Single document extractive sum mari z ation aims to select subset sentences and assemble them as informative and concise summaries. Recent advances (Nallapati et al., 2017; Zhou et al., 2018; Liu and Lapata, 2019; Zhong et al., 2020) focus on balancing the salience and redundancy of sentences, i.e. selecting the sentences with high semantic similarity to the gold summary and resolving the redundancy between selected sentences. Taking Table

单文档抽取式摘要旨在选取部分句子并将其组合成信息丰富且简洁的摘要。最新研究进展 (Nallapati et al., 2017; Zhou et al., 2018; Liu and Lapata, 2019; Zhong et al., 2020) 聚焦于平衡句子的显著性与冗余性,即选择与黄金摘要具有高语义相似度的句子,并解决所选句子间的冗余问题。以表

Salience Label Sentence Table 1: Simplified News from Jackson County Prosecutor. Salience score is an approximate estimation derived from semantic and Label is converted from gold summary to ensure the concision and accuracy of the extracted summaries.

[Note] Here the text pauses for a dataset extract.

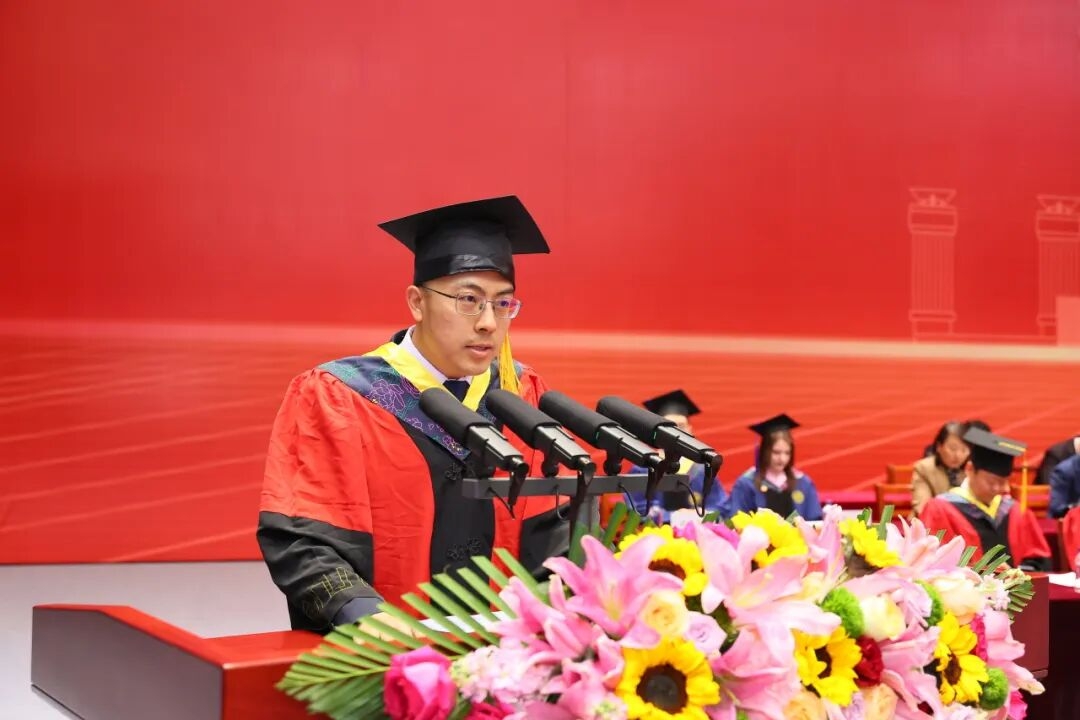 Amidst warm applause from the audience, Song Baowei, on behalf of all faculty, staff, and students, as well as Chairman of Board of Trustees Li Yanrong, extended sincere congratulations to the students on their successful completion of graduate studies, and expressed heartfelt gratitude to the dedicated teachers and families for their hard work. He then delivered a commencement speech to the graduates titled "Through a Thousand Waves, Still Keeping a Youthful Heart."

表 1: 杰克逊县检察官简讯。显著度分数是基于语义的近似估计,标签由黄金摘要转换而来,以确保提取摘要的简洁性和准确性。

句子 标签 内容
sent1:0.7 0 Deanna Holleranis被控谋杀
sent2:0.1 0 杰克逊县检察官Jean Peters Baker今日宣布
sent3:0.7 Deanna Holleran面临交通事故指控
sent4:0.7 这起致命交通事故构成谋杀
sent5:0.2 0 事故导致Marianna Hernandez在9th Hardesty附近丧生
摘要: 一名女子因致命交通事故面临谋杀指控

1 for example, there are five sentences in a document, and each of them is assigned one salience score and one label indicating whether this sentence should be contained in the extracted summary. Although sent1, sent3, and sent4 are assigned high salience score, just sent3 and sent4 are selected as the summary sentences (with label 1) because there are too much redundancy information between unselected sent1 and selected sent3. That is to say, whether one sentence could be selected depends on its salience and the redundancy with other selected sentences. However, it is still difficult to model the dependency exactly.

例如,一个文档中有五句话,每句话都被分配了一个显著性分数和一个标签,表明该句子是否应包含在提取的摘要中。虽然 sent1、sent3 和 sent4 被分配了较高的显著性分数,但只有 sent3 和 sent4 被选为摘要句子(标签为1),因为未选中的 sent1 与已选中的 sent3 之间存在过多冗余信息。也就是说,一个句子能否被选中取决于其显著性以及与其他已选句子的冗余程度。然而,要精确建模这种依赖关系仍然很困难。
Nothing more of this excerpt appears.